Antonio Ingroia chiude Rivoluzione civile, che ha visto la sua disfatta politica con una sonora bocciatura alle elezioni e, salutati con «intatta stima reciproca» gli altri compagni di avventura (De Magistris, Di Pietro, Ferrero e Diliberto) si rilancia in una nuova avventura: “Azione civile”. Stefano Cappellini, caporedattore centrale de Il Messaggero, non ha dubbi: «È uno scandalo: pretende di far politica con la toga, invece deve scegliere. Sta andando contro il più elementare principio dello stato di diritto: la separazione dei poteri».

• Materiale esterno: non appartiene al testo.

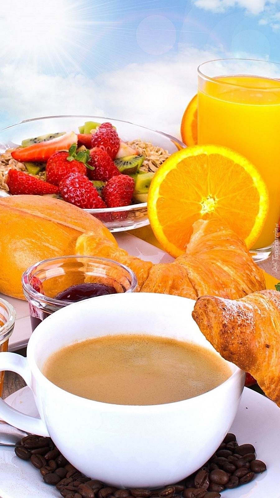 Edytor tapety: Kawa i rogaliki na śniadanie
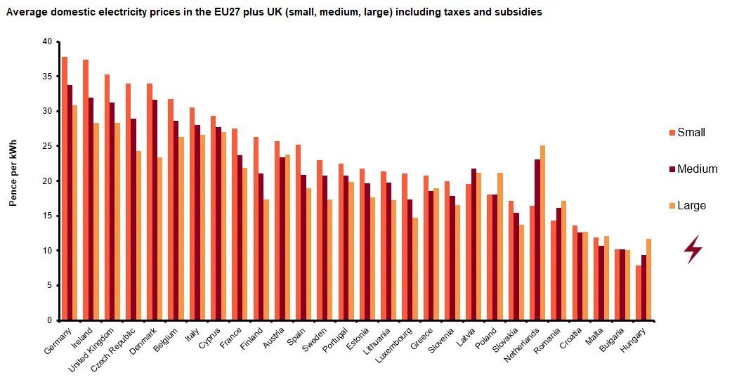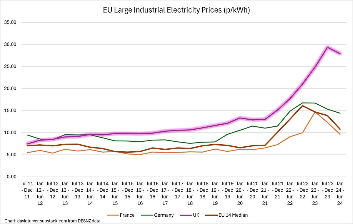 New data came out yesterday comparing energy prices across Europe for Jan-Jun 2024. The UK has by far the highest industrial electricity prices in Europe. This thread explores why that might be and how we fare in domestic markets too. (1/n)
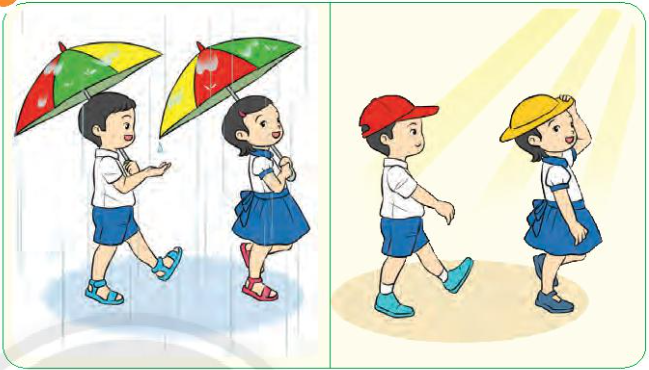 – Tranh 2: Trời nắng và các bạn nhỏ đội mũ.
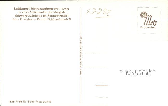 41801031 Schwarzenberg Baiersbronn Schwarzwaldhaus Sonnenwinkel postalisch nicht gelaufen Erhaltung siehe scans KatCode: 11110008237004
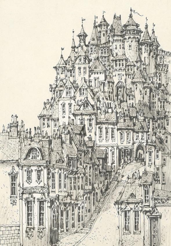 С верхней точки — с площади, на которой стоял старинный замок, являвшийся вертикальной доминантой города, — открывалась захватывавшая дух панорама «архитектуры крыш» — нагромождение мансард, труб, дымоходов, балконов — словно вылезавших по стенам домов, как вьющиеся растения и «расталкивавших локтями» друг друга в попытке отвоевать себе местечко поближе к солнцу.
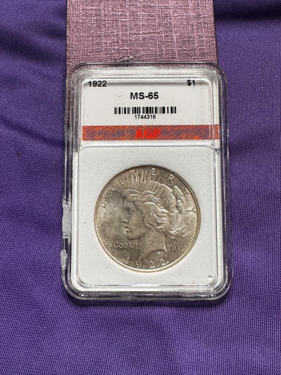 1922 Peace Dollar Graded MS 65 (PCGS Est. 325)
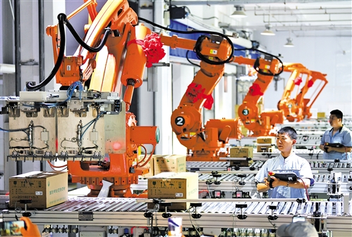 7月15日,中国节能环保集团新时代健康产业(集团)有限公司自动化立体库机械正在作业。

Ieri in conferenza stampa, Ingroia ha spiegato che ritiene di essere stato sconfitto «per la preclusione totale di eventuali nostri alleati, e perché Rivoluzione civile è stata vissuta come un cartello elettorale; non siamo stati capiti».
Non sono d’accordo. Sono alibi accampati dopo il risultato elettorale. Quel che è inaccettabile è che un magistrato, per altro in servizio anche secondo il Tar, possa ancora andare avanti a far politica, fondando un movimento. Ingroia ha voluto già candidarsi, ha visto che non è andata bene, gli è stato imposto di tornare in servizio. Non è tollerabile che prosegua oltre, facendo il politico con la toga in spalla. Se Ingroia vuole fare il politico deve lasciare la magistratura, per un principio base di civiltà e politica.
La sconfitta politica di Ingroia significa che l’elettorato è stanco dei magistrati in politica?
Non mi faccio molte illusioni su questo, purtroppo. Lui ha perso per la concorrenza di Grillo sul terreno dell’antipolitica. Ma non si è chiusa la stagione in cui un pezzo di elettorato italiano continua a confondere le funzioni della politica con quelle della magistatura.
Ingroia punta ad allearsi con il Movimento cinque stelle o con quella parte del Pd delusa dal governo Letta. Pensa che ce la farà?
Non credo e non me lo auguro.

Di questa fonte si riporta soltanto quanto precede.